Must these hardships necessarily be connected with the study of languages? Is there no way to reach the same or even better results, with less difficulty;—are there no means to open education to a still greater circle, indeed to open it to all, to make a common road smooth, easy and agreeable?
The cordial reception given by educators of the best class to my "Studien und Plaudereien," (first series), has led me, in connection with my brother Mr. Menco Stern, to write a second series "Studien und Plaudereien" (im Vaterland).
I earnestly hope this second series may prove as practically useful as the first.
In response to the many inquiries I have received concerning the method of conducting my classes, I will say that
1) I prepare every lesson with the utmost care, taking "Studien und Plaudereien" as basis and guide, at the same time endeavoring to make them as interesting as possible.

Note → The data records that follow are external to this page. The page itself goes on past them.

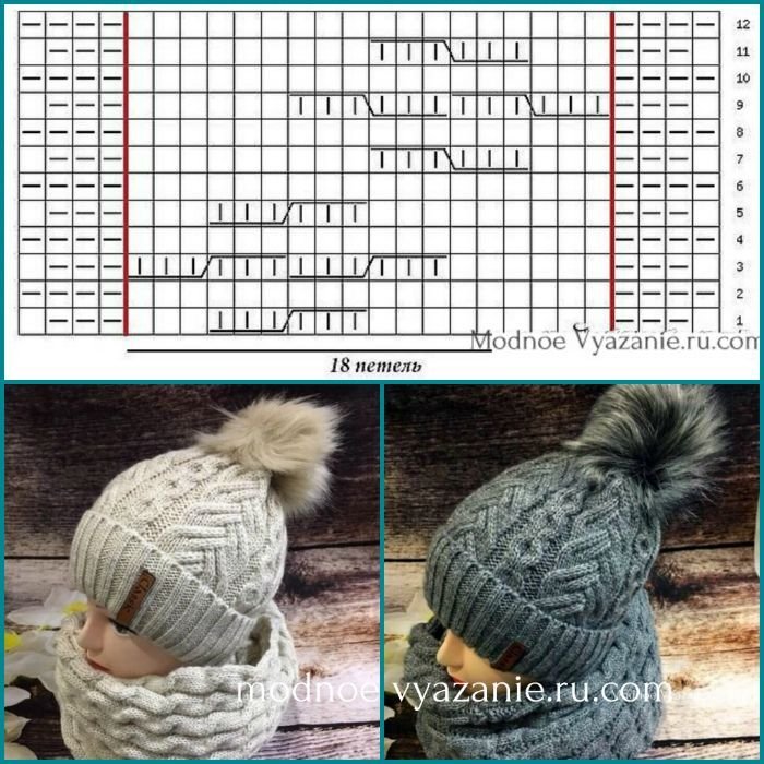 ![Вязание шапки и снуда спицами со схемами]()
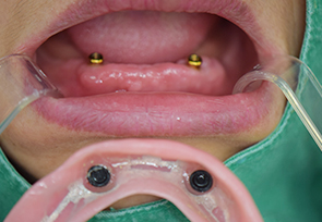 각각의 유지 장치에 맞는 부속품을 틀니에 부착한 후 틀니를 구강 내에 장착합니다. 틀니에 부착된 부속품이 유지 장치와 결합하여 틀니를 고정해 주기 때문에 말을 하거나, 식사를 할 때 틀니가 빠지지 않습니다.
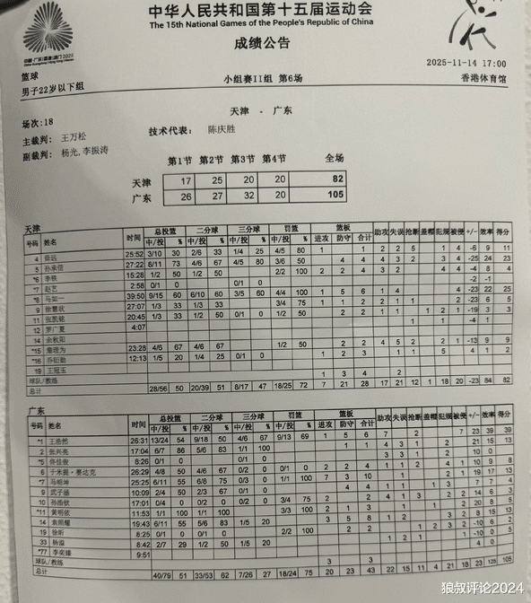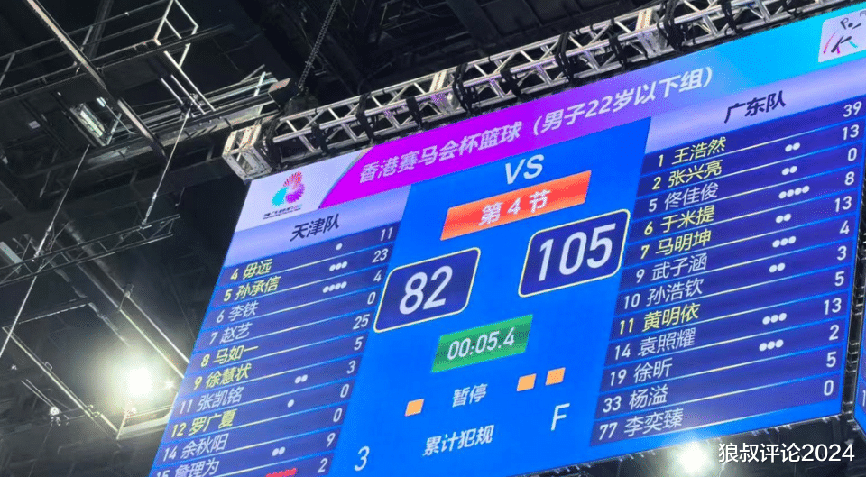 第四节,孙承信、马如一试图率队缩小分差,但王浩然持续火热的竞技状态下,最终,广东22男篮顶住天津反扑,以105-82击败天津,取得小组赛三连胜。
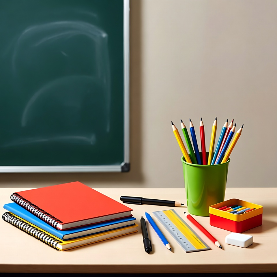 A wooden desk in front of a green chalkboard holds a stack of colorful notebooks in blue, yellow, and red. A green cup contains assorted colored pencils, flanked by black pens, rulers, a small box of crayons, and an eraser. The setup features typical classroom stationery on an isolated background.
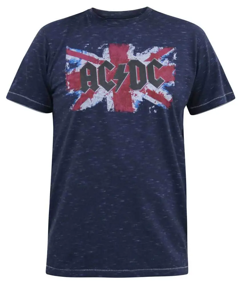 En rå navymeleret statement T-shirt, der er en tidløs hyldest til rock med et autentisk "AC/DC" logo i vintage-look, der komplimenteres i baggrunden af det britiske flag, i et krakeleret udtryk.
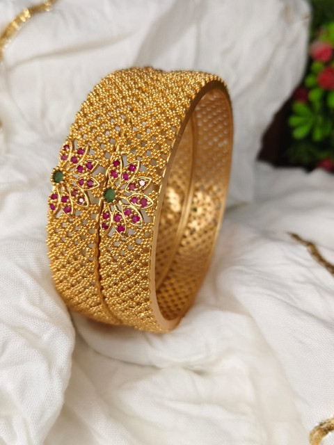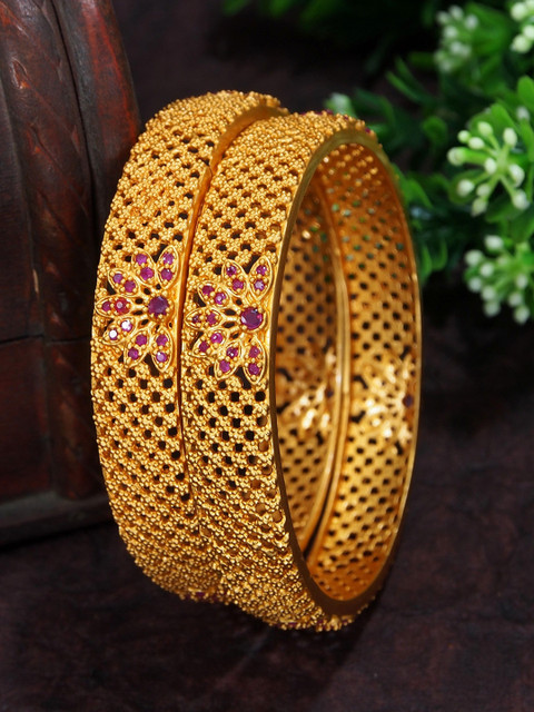 Gold-toned and pink bangles, each has american diamond studded details

2) I have arranged all the important rules of the German grammar so as to teach them from the very first in a certain number of lessons, orally, and give the students a printed German grammar afterward, to review and to perfect their grammatical knowledge; they are thus made to understand, value and even enjoy the study of grammar.
3) In teaching, I make my students understand, speak, read and write, but do not exercise any one faculty or function at the expense of any other.
4) My teaching is always full of life and animation; we do not confine ourselves to books; all there is in this world worth being thought of or spoken about, all that is great, good and beautiful, we draw into the circle of our studies.
5) We speak only German in our German classes.
I wish to repeat here what I have said on many other occasions, that the progress made of late years in teaching of languages is due to a great extent to the powerful impulse given by Prof. Gottlieb Heness, through his valuable observations upon linguistic study, and more especially through his ingenious and admirable rule of teaching a language in its own words, that is: German in German and French in French, and further by showing us clearly how to apply the rules of teaching languages as given principally by Pestalozzi and Diesterweg.